If there was ever any doubt in my family about who is the Master of Surprise, I have clearly won it now.
This year has been… a gigantic mess. From having to uproot all of our plans to move to Iowa, to having family members with health concerns, to moving again during school, to facing blow after blow that just seemed to knock us down… it’s been a tough year. Something needed to change, and we all needed a bit of good news. David and I knew from the beginning that this first semester would be challenging, but if we could just make it to the other side, things would be so much better and we could breathe easy again.
As we finally approached December, it seemed that our streak of madness was finally coming to an end and we could see the proverbial light at the end of the tunnel. As David approached the end of his college career, the job interviews (and offers!) started coming in. I was so proud of him! All of his hard work was finally, tangibly paying off. He accepted an offer close to home and was happy. The best thing for me was to see him so happy.
So like always, I was scheming. We were past due for a surprise.
I had been planning a surprise dinner for David in conjunction with both sides of our families as a way to celebrate his graduation. Much to my surprise, everyone could make it work on a day that fit my busy end-of-finals schedule. Getting everyone together in the same place at the same time was nothing short of a miracle in itself. But this whole plan turned out to not be the real surprise.
The day before the surprise dinner, David got a phone call about a job offer for THE BIG ONE–the job he really, really wanted– and all of a sudden things turned upside-down again. The first offer he had accepted he now had to turn down at the last minute. Imagine that, us having plans and at the last minute everything changes… it’s never boring around here, that’s for sure!
And so, the “surprise” dinner now had an even bigger surprise… sharing the news about this big new job!
I love seeing the look on David’s face when I pull off a surprise. I loved that it all worked out so well. Hugs were shared, a great meal was had, and David got to share his big news about the job. It couldn’t have been more perfect, and everyone was so happy. Our family has desperately needed some good news in the past few months, and it warmed my heart to see everyone smiling and having a good time together.
Only…. David knew about the surprise dinner the entire time I was planning it. Because there was even bigger news.
Under the guise of a graduation present, David opened his small gift from me while I handed out small gifts to everyone else.
It has been so hard to keep our little secret for the past three months.

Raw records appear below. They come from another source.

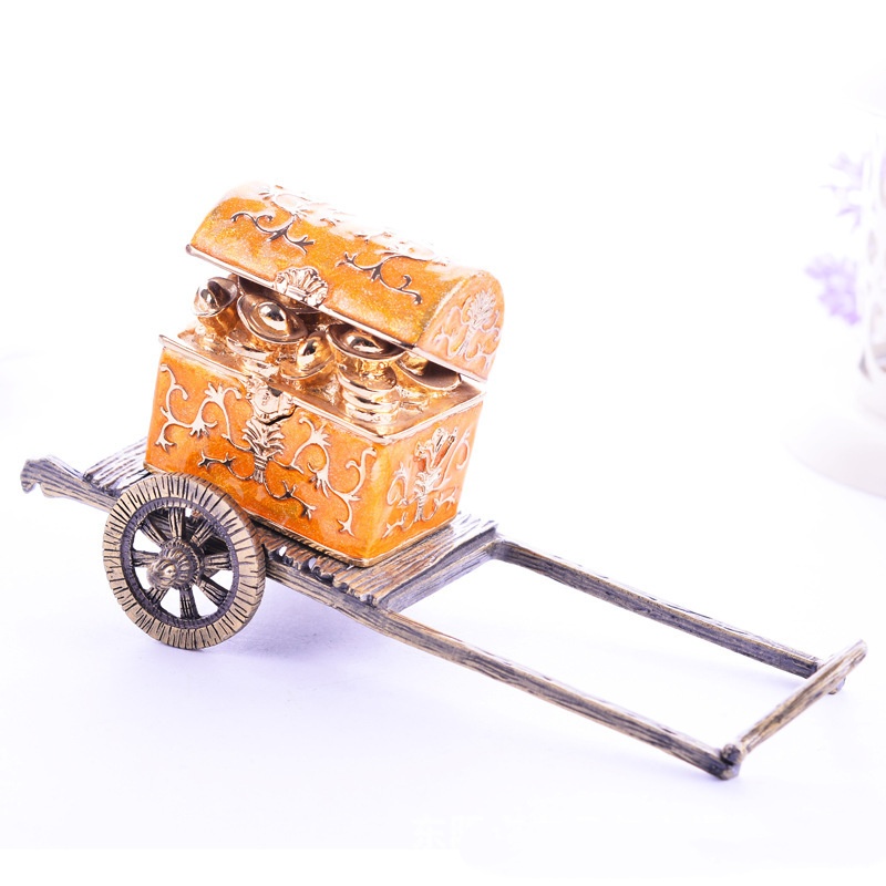 This ornament cleverly combines the two: a strong golden bull vigorously pulling a treasure chest filled with ingots, coins, and gems, full of dynamics, symbolizing “hard work to get rich, abundant wealth”.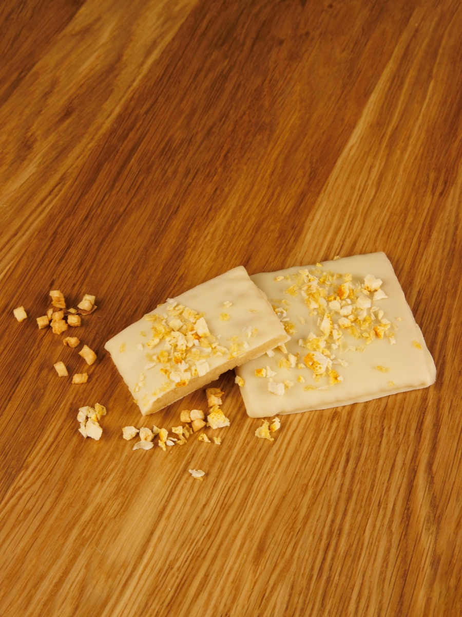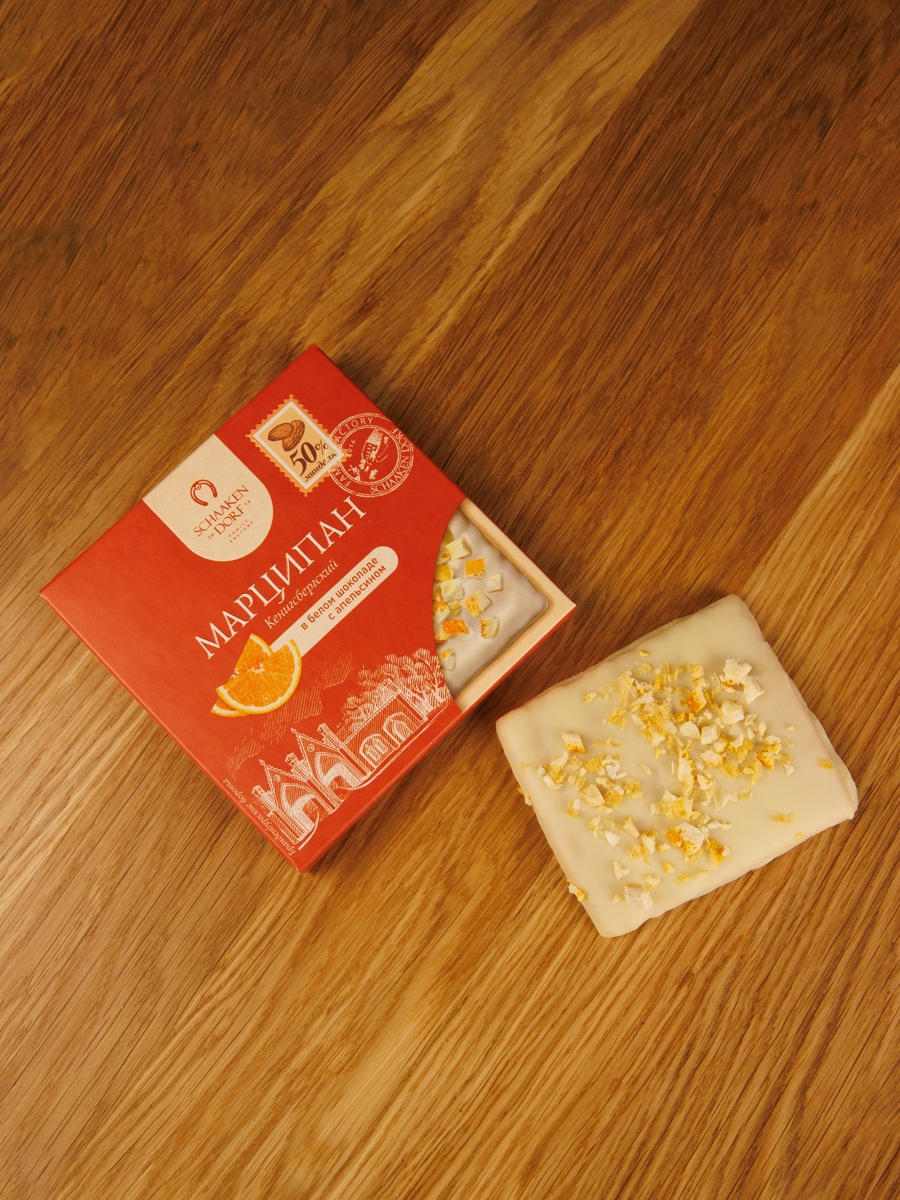 Марципановая плитка (50% миндаля) в натуральном белом шоколаде с обсыпкой из сушеных апельсинов.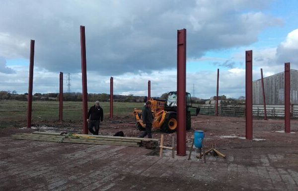 Whilst I have been busy with the visitor room build, Rob has been busy arranging the build of a new cow shed at Sandfield Farm.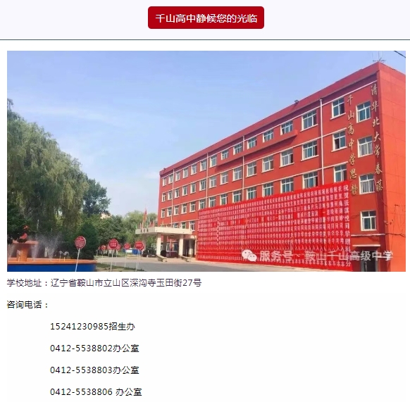 • 學(xué)校地址:遼寧省鞍山市立山區(qū)深溝寺玉田街27號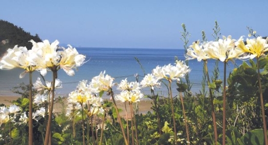 ▲ 부안 위도에서만 볼 수 있는 위도상사화가 해변을 배경으로 하얀 자태를 뽐내고 있다.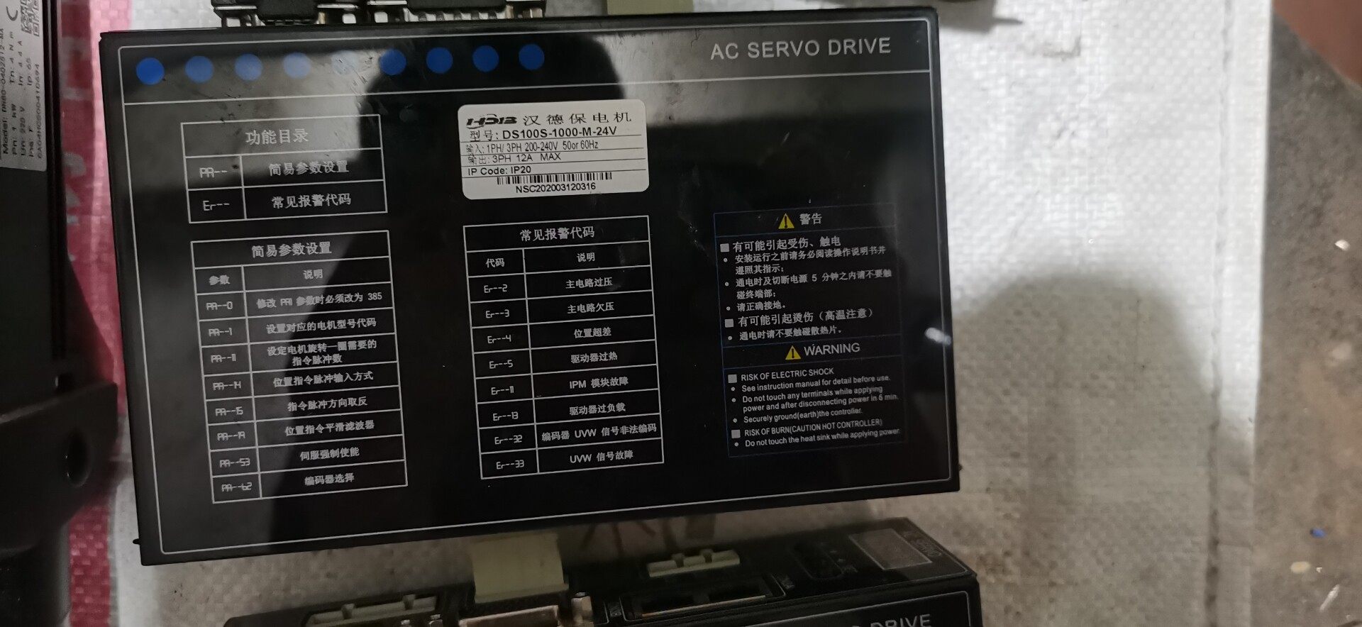 汉德保伺服套装,驱动型号;DS100S-1000-M-24V

Everyone else’s gift was a wrapped frame of baby’s first ultrasound picture.
The look of surprise on everyone’s faces and the squeals of excitement were exactly what I’ve been hoping for as we’ve been planning all of this for months. The look on my mom’s face was priceless! My mom, who automatically senses when someone is pregnant, had no idea… and that was the ultimate surprise.
And to make it that much sweeter: my cousin and her husband are also expecting, and we are due only four days apart!
Things couldn’t have worked out any better. Our families finally got the good news we’ve all been waiting for. I’m healthy, everything is progressing normally, school is going well, and David is ecstatic over this new job.
In all honesty, I’ve been waiting for someone to make a negative comment about me being pregnant while in school. We’d already been planning on starting our family sometime during school anyway, so it’s not like we haven’t put any thought into it beforehand. The worst part of it has been being so sick during the past three months. Some days, I was so nauseous and just useless, I got nothing done. Having the stomach flu during finals nearly pushed me over the edge, and for a day or two I was scared to death I’d end up tanking the finals and having to repeat the entire semester. My anatomy professor, who is a saint in my book, has helped me out so much at the end of the year–but she’s also expecting, so maybe that is why she took pity on me. She was the only one who actually knew about our little one; another professor, one of my favorite neonatologists, just happened to figure it out by herself (sick + pale + not herself = the hallmarks of pregnancy, apparently). Everyone has been SO supportive, which has been a big surprise, but a welcome one. If there is anything I’ve learned about school so far and juggling outside responsibilities, it’s that there is a way to make everything work, it just has to be prioritized. I’m hoping that this stays true once the little one gets here–but I’m not the only student in my class that is either expecting or has a very young child at home, which gives me hope. That’s not to say that having a baby next summer (my last “summer” break ever) hasn’t disrupted our travel plans–our vacation to Costa Rica, and medical missions trips to Ecuador and Brazil are all canceled–or better, postponed. There will be opportunities for those things later.
Although, I’m pretty much convinced that if I can exceed nearly every single goal I’ve set for myself for the semester while being unbelievably sick (and a terrible student) for half of it, then I can do just about anything.